Ack- Bon Jovi is stuck in my head! And likely now in yours too! I mean to post this the other night, but I got off on a tear about something or other, as usual, and didn't even mention it: I've blogged every day for half of the year. That went by really fast! I know not every post is a "winner" but that's not the point of blogging daily for a year. I don't know how I feel about this milestone, so I'll talk about literal ones:
In reading about both and their relationship to each other, I came across this section of a book, Historical Tales: The Romance of Reality from 1896. (Seriously, one day I need to look up what major planetary aspects were going on in the 1890's because so many books about ancient Italy were written in that time frame). This is interesting, at least to me, because it's not just about the founding of Rome, but how it was consecrated, and how he went to the Etruscans to learn how to do it!

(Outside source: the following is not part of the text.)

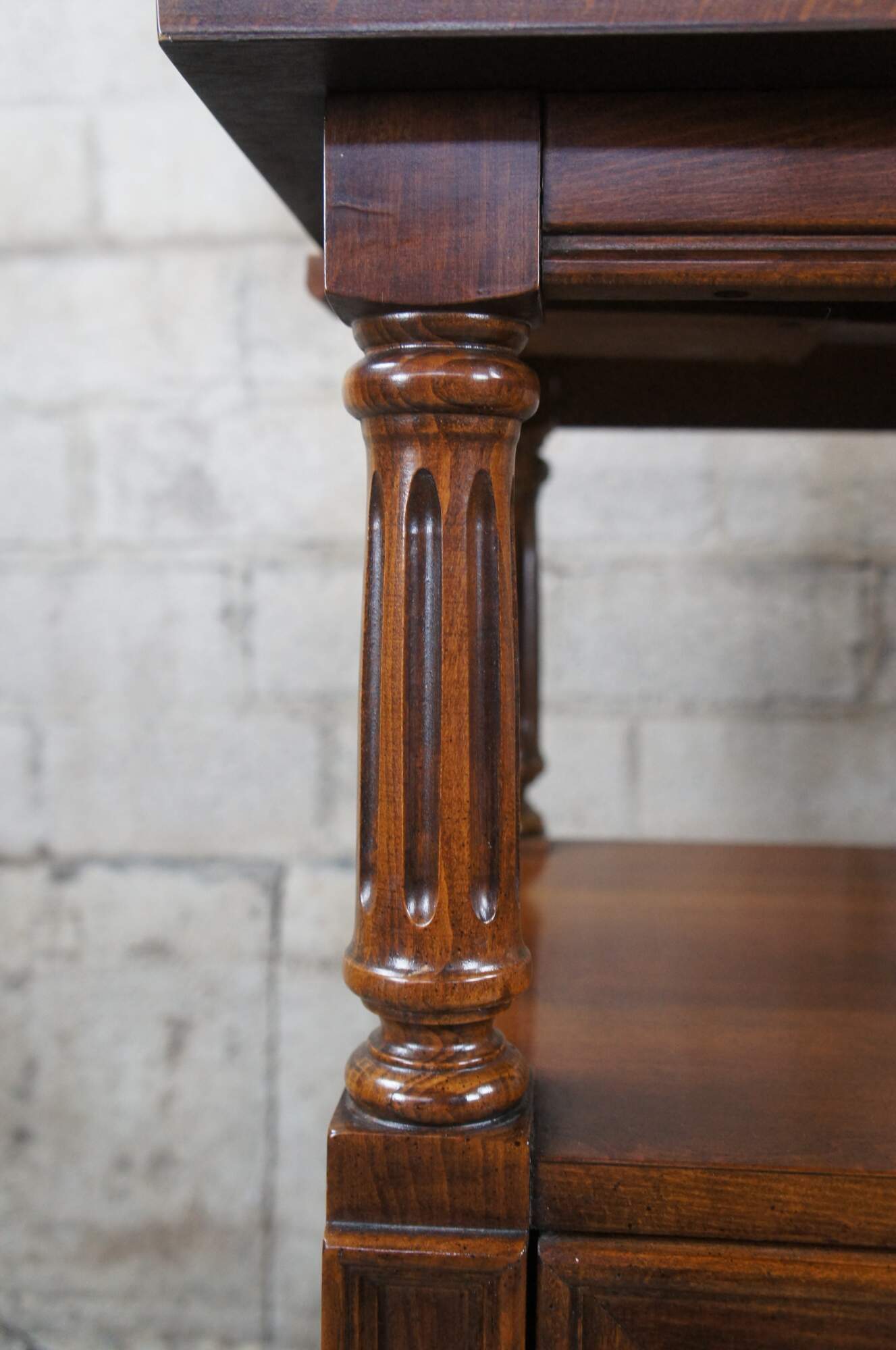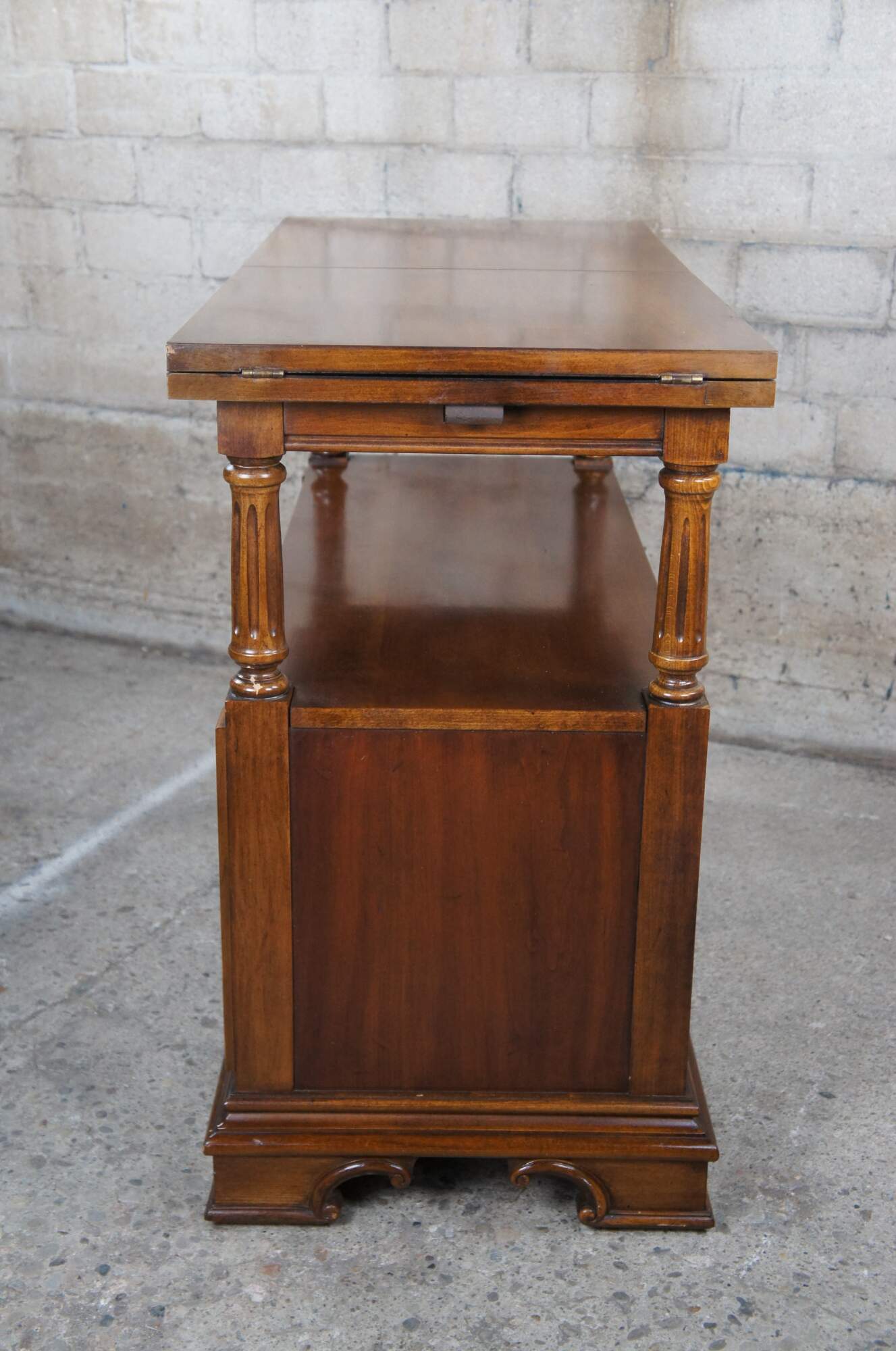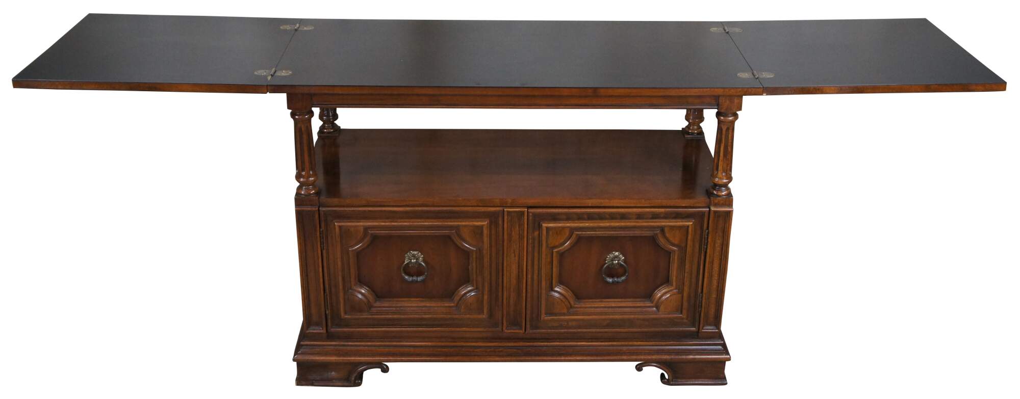 Thomasville traditional flip top server, circa 1980s. A rectangular form featuring an open center supported by turned and fluted columns. The lower cabinet is accented by inset molding and knocker pulls. When open, the top has a sleek black Formica top serving surface. Finished on all sides. 7422-510, Server-D-95

Far back in time as it was when this took place, Italy seems to have already possessed numerous cities, many of which were to become enemies of Rome in later days. The most civilized of the Italian peoples were the Etruscans, a nation dwelling north of the Tiber, and whose many cities displayed a higher degree of civilization than those around them. From these the Romans in later days borrowed many of their religious customs, and to them Romulus sent to learn what were the proper ceremonies to use in founding a city.
The ceremonies he used were the following. At the centre of the chosen area he dug a circular pit through the soil to the hard clay beneath, and cast into this, with solemn observances, some of the first fruits of the season. Each of his men also threw in a handful of earth brought from his native land. Then the pit was filled up, an altar erected upon it, and a fire kindled on the altar. In this way was the city consecrated to the gods.
Having just consecrated my own piece of land to a specific purpose, I thought the timing was fitting. I know this is likely just a story and there is no specific evidence supporting the idea that Romulus went to the Etruscans to learn how to consecrate his city (and no reason why they would help him to do this...). I thought it was an interesting idea. More tomorrow!